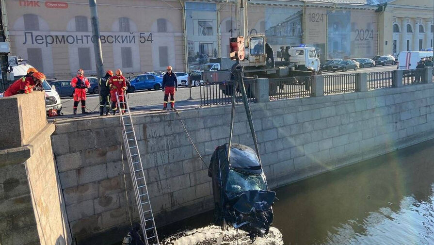 В Санкт-Петербурге автомобиль с людьми упал в Обводной канал. Кадры инцидента опубликовала региональная полиция.
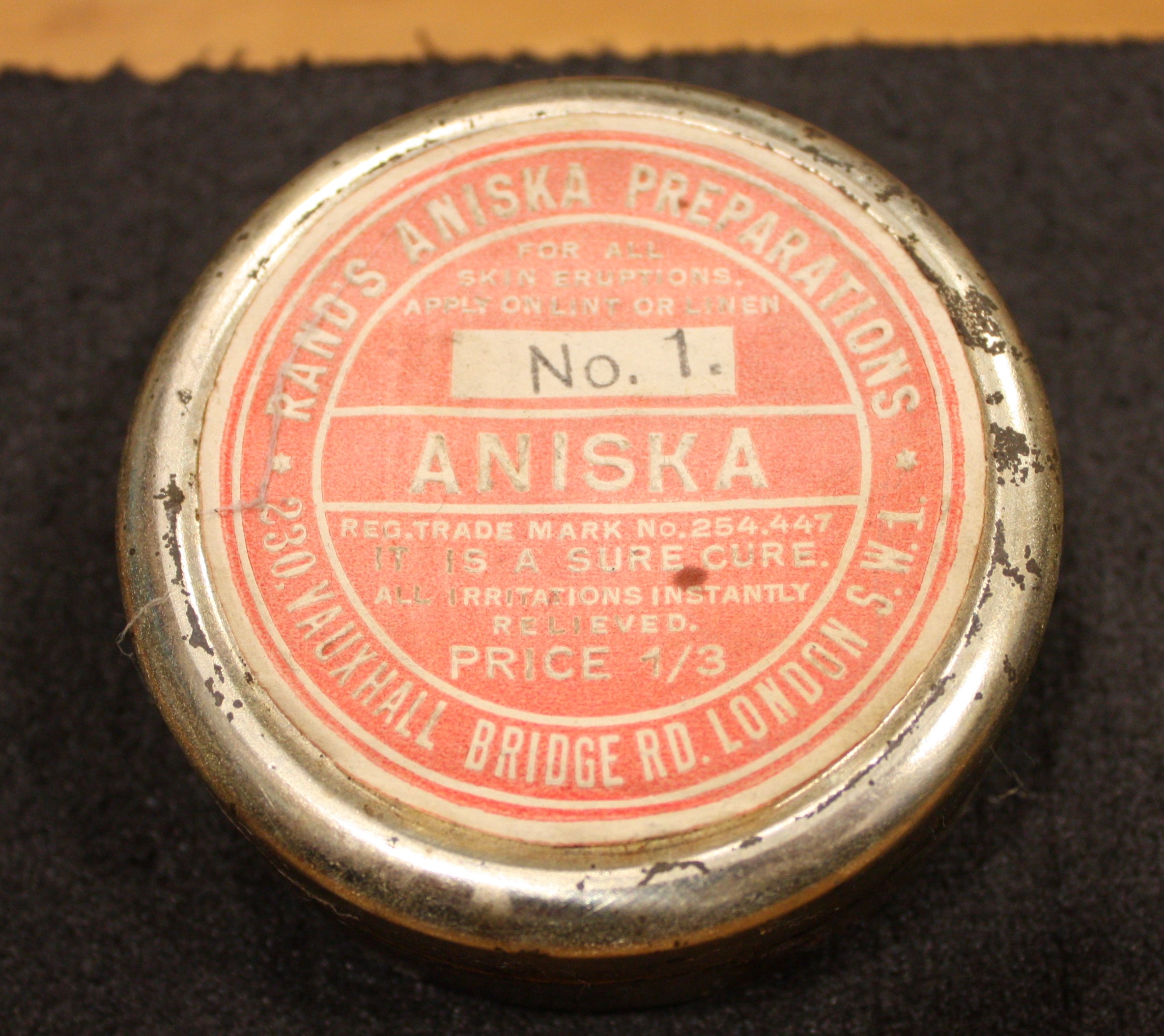 Round tin with a Sticker on the lid printed with: RANDS ANSIKA PREPARATIONS NO. 1 ANISKA for all skin eruptions apply on lint or linen.. IT IS A SURE CURE. ALL IRRITATIONS INSTANTLY RELIEVED, PRICE 1/3. 230 Vauxhall Bridge Road, London SW1. Tin is 65 mm in diameter by 23 mm in height.
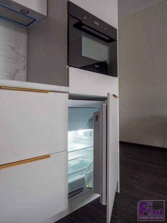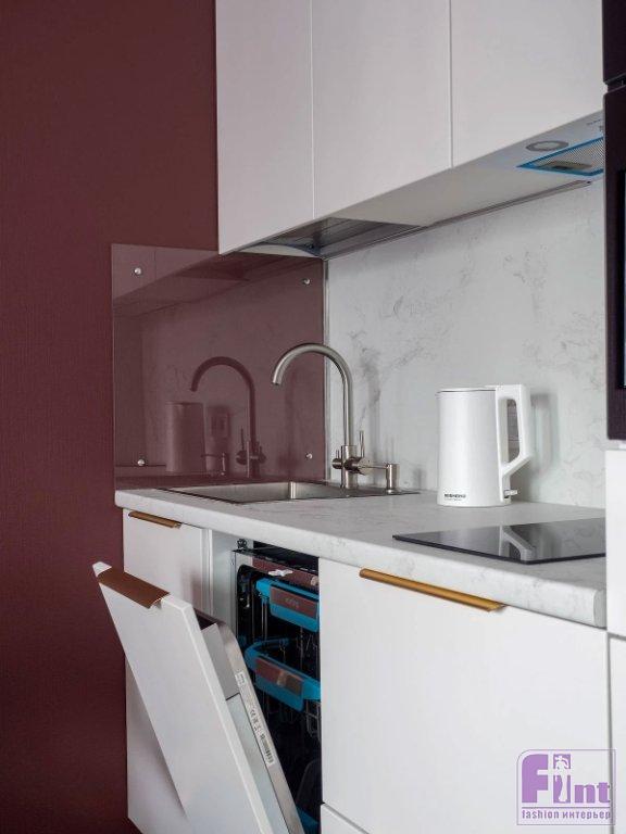 Основное место для вещей — шкаф в прихожей на три секции. Одна из секций предназначена для верхней одежды, вторая — для повседневных вещей, а третья закрывается на ключ, там предполагается хранить инвентарь для уборки и запасы различной бытовой химии. Маленький гарнитур включает максимум необходимой техники: в колонну встроили духовой шкаф с функциями микроволновки, а вниз — мини-холодильник. Под столешницей установили посудомоечную машину, на рабочей поверхности — варочную панель на две конфорки. Над ней — вытяжка.
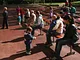 Vagtskiftet ved Marselisborg Slot skærtorsdag kl. 12 tiltrak mange fremmødte, mens politiets indsatsleder undervejs tog sig tid til at besvare spørgsmål fra en nysgerrig dreng.
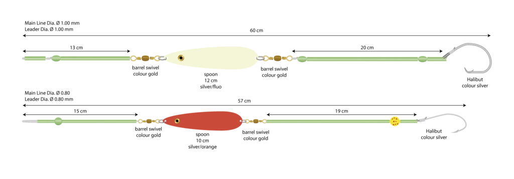 Diese vorgefertigten Rigs sind für das Angeln mit einem Sea Boom geeignet. Empfohlen vor allem für das Angeln auf Lumb und Leng mit Fischfilets und ganzen toten Fischen. Es hat einen Spoon, der die Fische anzieht und sie zum Anbiss verleitet. Das Vorfach ist 57cm bzw. 60cm lang. Die Hauptschnur besteht aus starker 1,00mm dicken Monofilschnur und die Vorfachschnur hat eine Stärke von 0,80mm. Das eine Vorfach hat einen Circle-Hook mit einem 12cm langen Spoon in der Farbe Fluo. Das andere Vorfach besitzt einen normalen Haken und einenr roten Spoon von 10cm Länge. Es sind zwei Systeme enthalten.
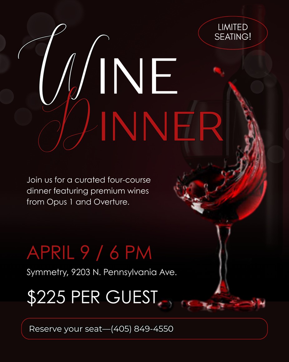 Wine down at Symmetry! All bottles of wine valued at $100 or less are 1/2 off every Wednesday from 4-9 p.m.
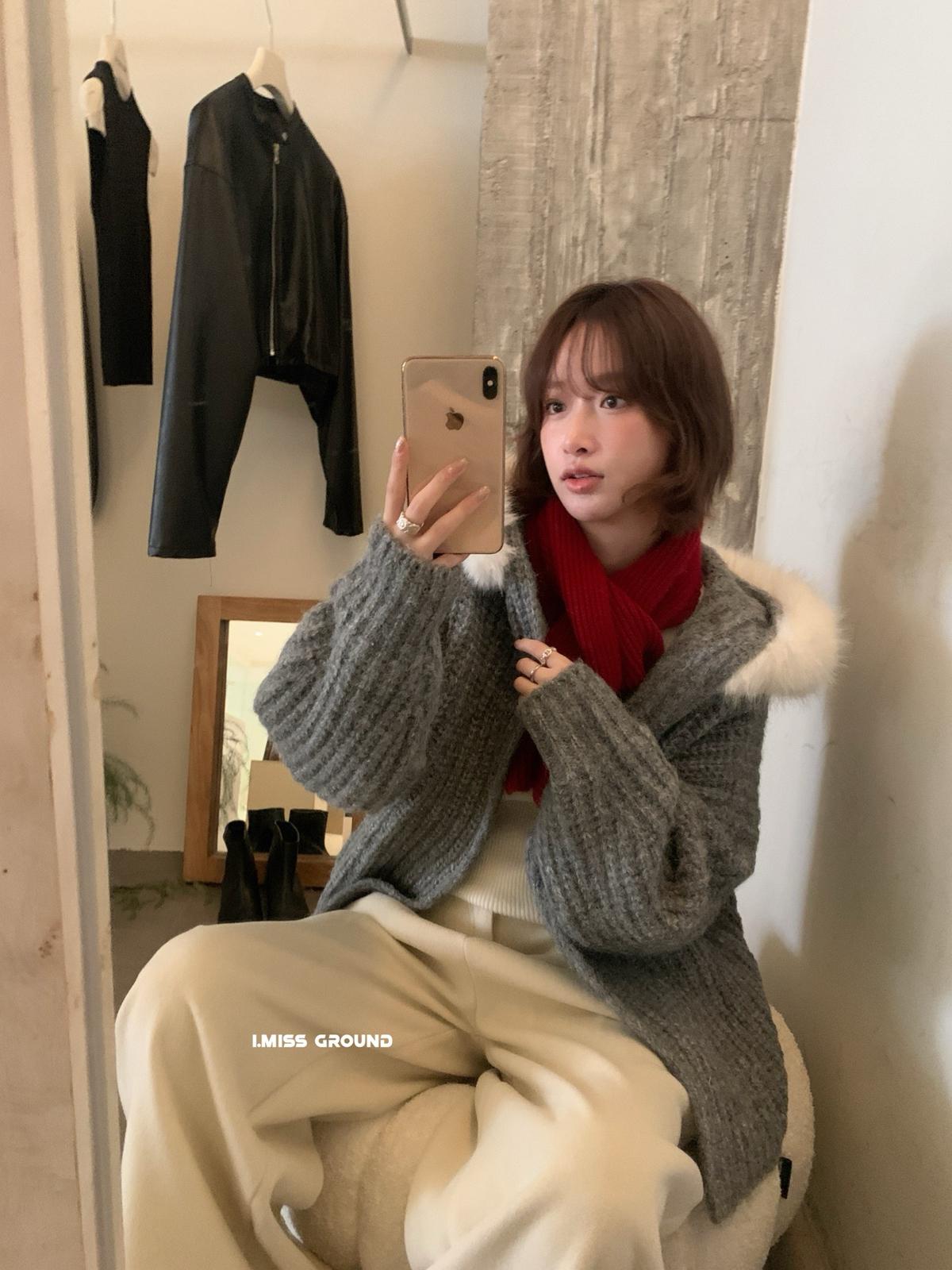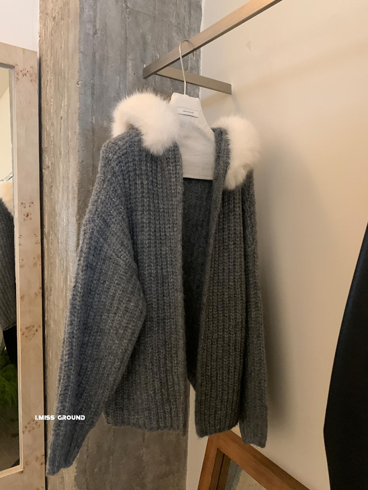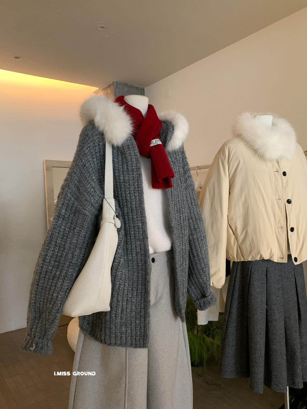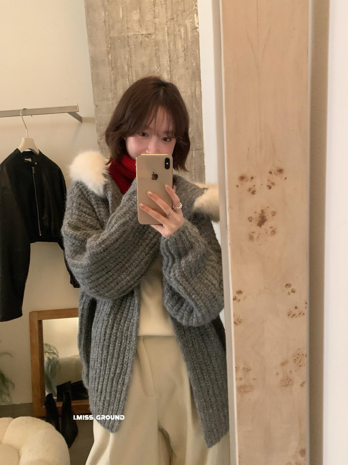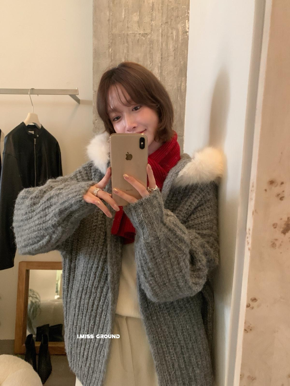 【C7898】大毛領駝羊毛開衫保暖毛衣(含1%羊毛)

================

Brief: Nothing but the lines from the one holding "Основное место для" through the last line of the entries should be written out, exactly and inclusively, minus the pictures.

Answer space:
 Основное место для вещей — шкаф в прихожей на три секции. Одна из секций предназначена для верхней одежды, вторая — для повседневных вещей, а третья закрывается на ключ, там предполагается хранить инвентарь для уборки и запасы различной бытовой химии. Маленький гарнитур включает максимум необходимой техники: в колонну встроили духовой шкаф с функциями микроволновки, а вниз — мини-холодильник. Под столешницей установили посудомоечную машину, на рабочей поверхности — варочную панель на две конфорки. Над ней — вытяжка.
 Vagtskiftet ved Marselisborg Slot skærtorsdag kl. 12 tiltrak mange fremmødte, mens politiets indsatsleder undervejs tog sig tid til at besvare spørgsmål fra en nysgerrig dreng.
 Diese vorgefertigten Rigs sind für das Angeln mit einem Sea Boom geeignet. Empfohlen vor allem für das Angeln auf Lumb und Leng mit Fischfilets und ganzen toten Fischen. Es hat einen Spoon, der die Fische anzieht und sie zum Anbiss verleitet. Das Vorfach ist 57cm bzw. 60cm lang. Die Hauptschnur besteht aus starker 1,00mm dicken Monofilschnur und die Vorfachschnur hat eine Stärke von 0,80mm. Das eine Vorfach hat einen Circle-Hook mit einem 12cm langen Spoon in der Farbe Fluo. Das andere Vorfach besitzt einen normalen Haken und einenr roten Spoon von 10cm Länge. Es sind zwei Systeme enthalten.
 Wine down at Symmetry! All bottles of wine valued at $100 or less are 1/2 off every Wednesday from 4-9 p.m.
 【C7898】大毛領駝羊毛開衫保暖毛衣(含1%羊毛)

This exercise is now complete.